More about the Right to Housing

Article 11 of the UN International Covenant on Economic, Social and Culture Rights
Article 16 of European Social Charter
The Law on Assistance in Handling Housing Matters
The Law on Social Apartments and Social Houses
The Law on Rent of Residential Premises
Section 10, Part Three; Section 66, Part Two, Paragraph 1 et seq. of the Law on Protection of the Rights of the Child

The right to housing means the right to live somewhere in security, peace and dignity. International documents on human rights prescribe the minimum standard of such right that has to be provided by the State to the extent of resources available to it.

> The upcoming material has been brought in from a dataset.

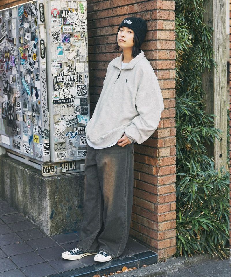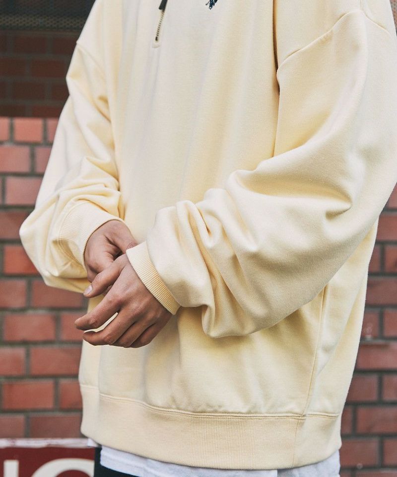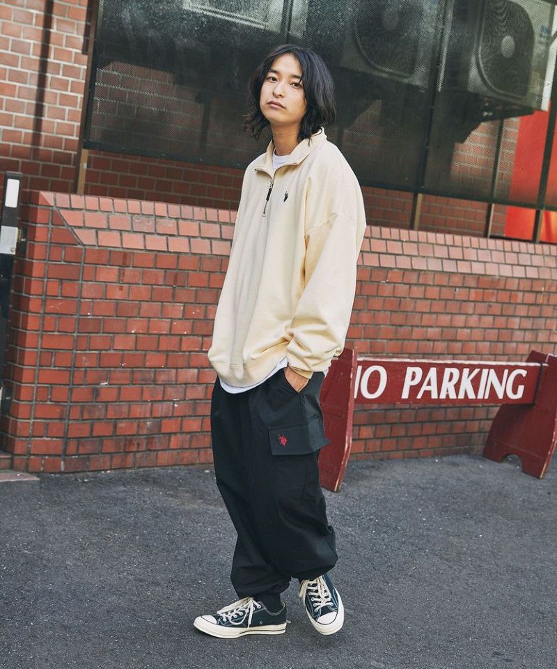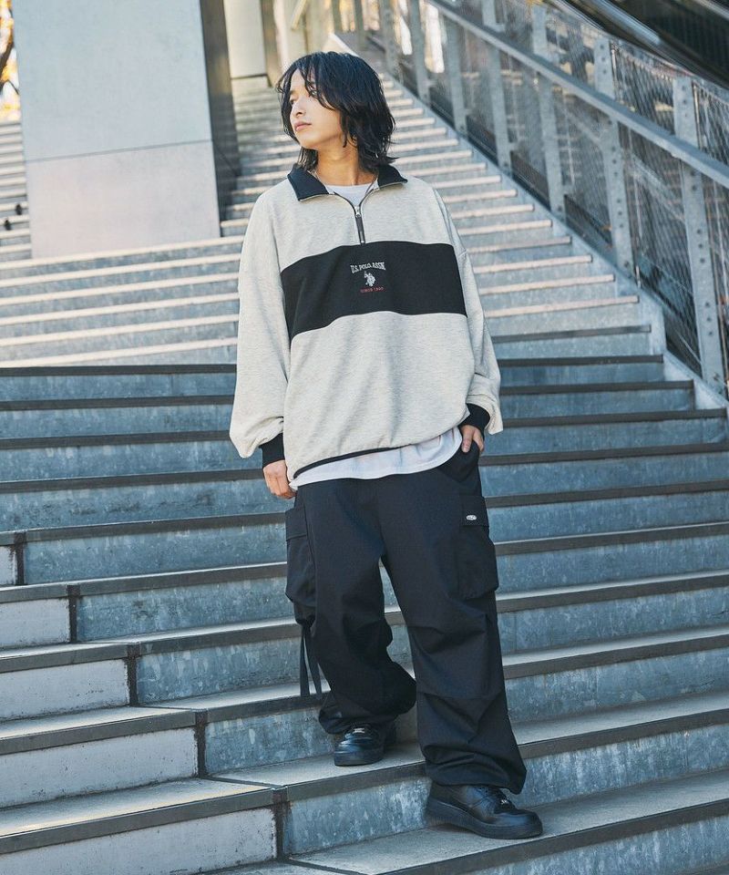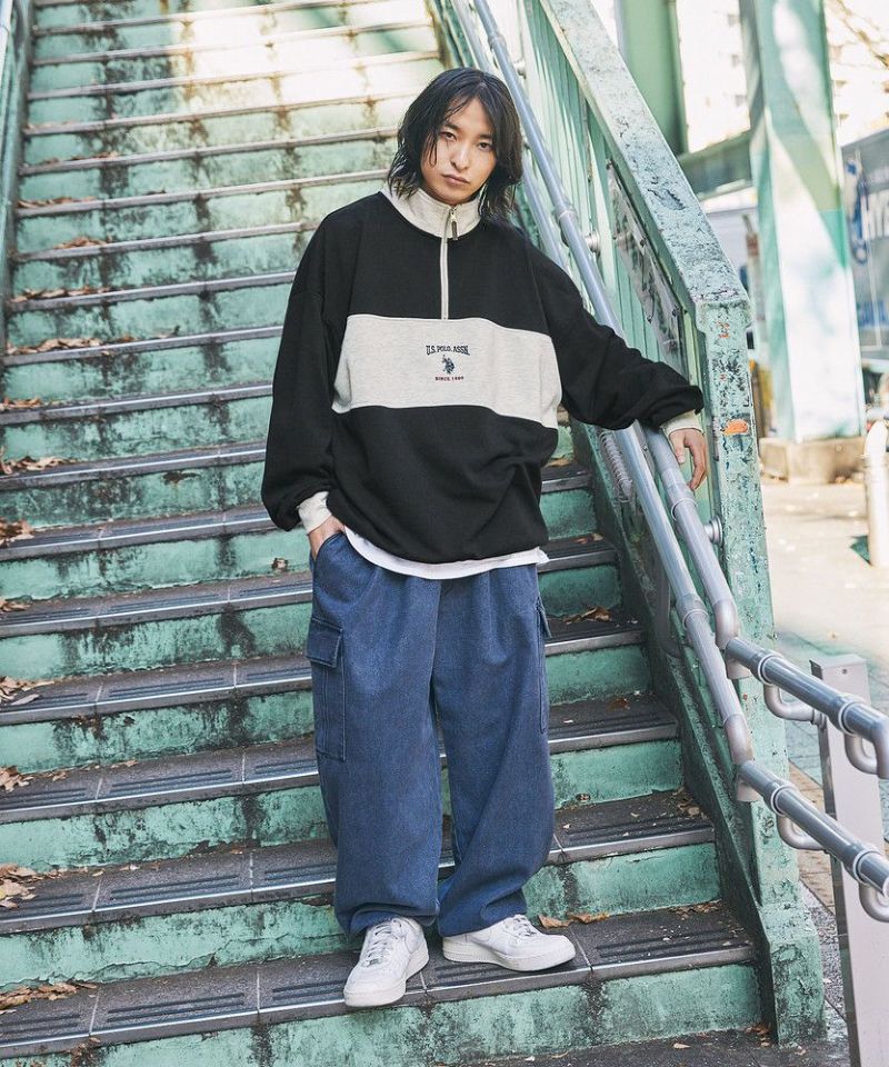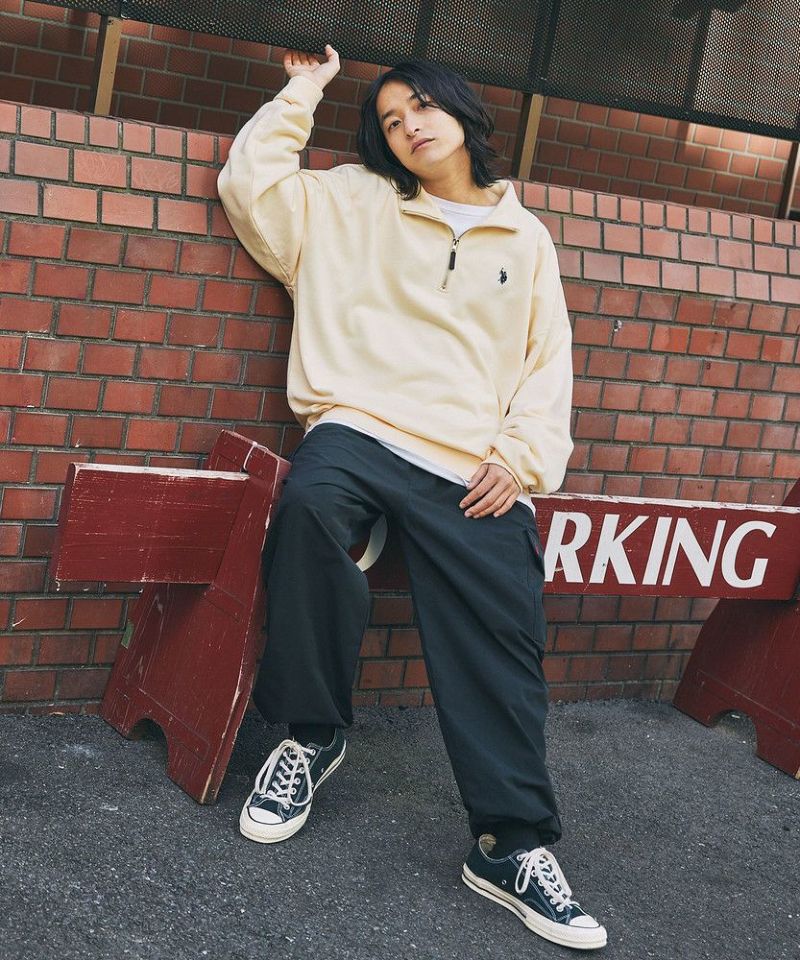 U.S. POLO ASSN. 別注 ワンポイントロゴ刺繍スタントネックスウェットハーフジップ ビッグシルエット
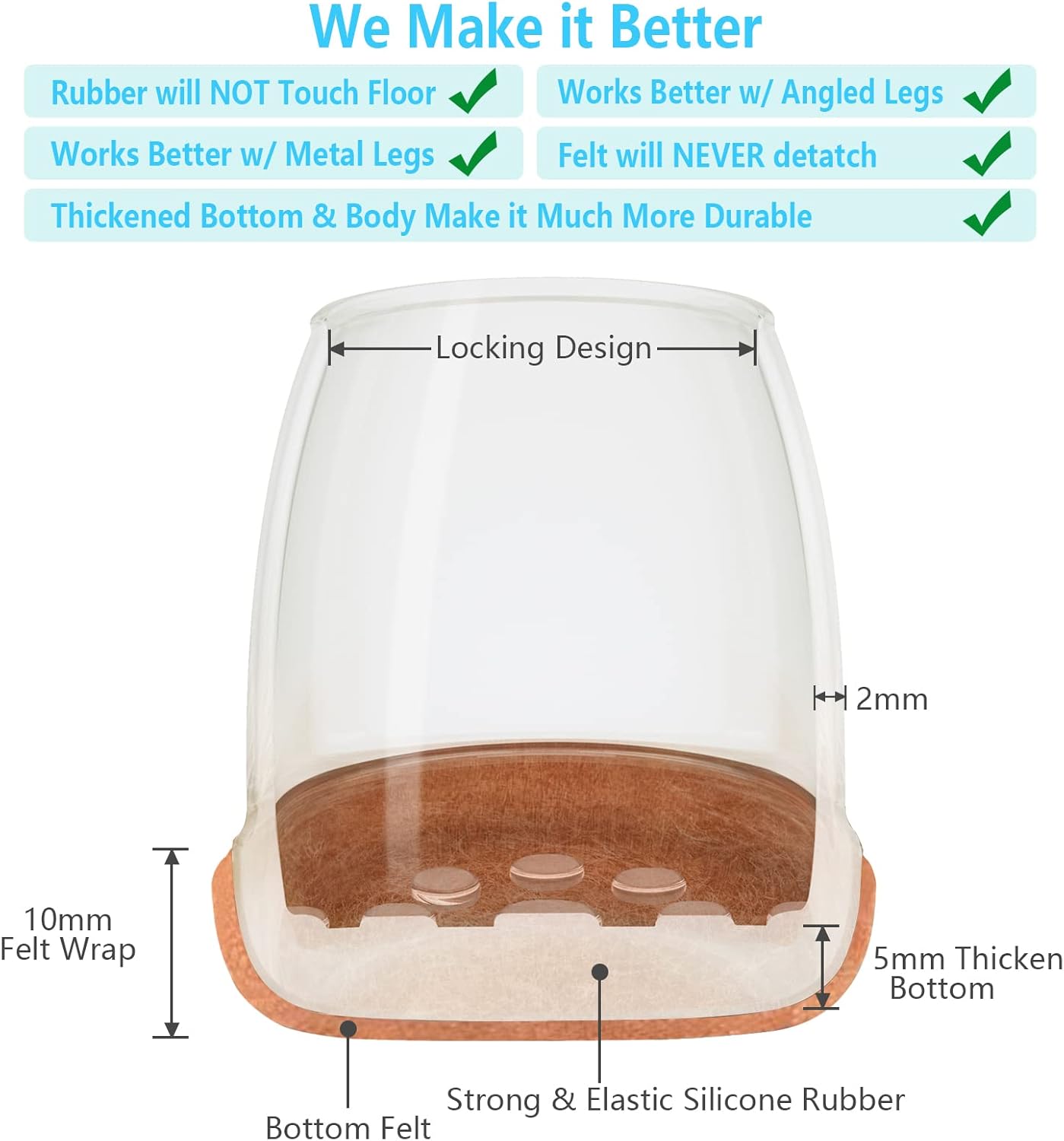 @【Upgrade New Design】: The Furniture Leg Floor Protectors is made of thickening silicone and 360°full felt pad bottom wrapped, which help the felt bottom be able to touch the floor at any angle, prevent the silicone touch and scrape the floor, and it will not easy to fell off any more compared to the old style protectors.

The right to housing may not be narrowly interpreted as merely the right to “dwelling”. It includes a number of aspects to be taken into account by the State. According to General Comments No 4 on the UN International Covenant on Economic, Social and Culture Rights, the minimum standard of the right to housing comprises the following:

  • legal security of tenure: secured enjoyment of tenure, legal protection against forced eviction, harassment and other threats;
  • Availability of services, materials, facilities and infrastructure: sustainable access to natural and common resources, safe drinking water, energy for cooking, heating and lighting, sanitation and washing facilities, means of food storage, and refuse disposal;
  • Affordability from the view of financial costs – commensurability of housing costs and the level of income; the State has the duty to provide support for those unable to obtain affordable housing (provide residential premises for use, establish benefits for rent and utility payments related to the use of residential premises, and other forms of assistance;
  • Habitability – adequate housing must protect the inhabitants from cold, damp, heat, rain, wind or other threats to health, structural hazards, and disease vectors. The physical safety of occupants must be guaranteed;
  • Accessibility – adequate housing must be accessible to those entitled to it. Disadvantaged groups (physically disabled, the terminally ill, HIV-positive individuals, victims of natural disasters) must be accorded full and sustainable access to adequate housing resources on priority basis;
  • Location – housing must be in a location which allows access to employment options, health-care services, schools, child-care centers, etc.;
  • Cultural adequacy – the way housing is constructed, the building materials used and the policies supporting these must appropriately enable the expression of cultural identity and diversity of housing.

The right to housing stipulated in the international human right documents and the regulatory acts applicable in the Republic of Latvia should not be understood as the duty of the State to provide housing to each individual according to their demands and wishes; it means instead that the State has the duty to ensure compliance with the minimum standards of this right.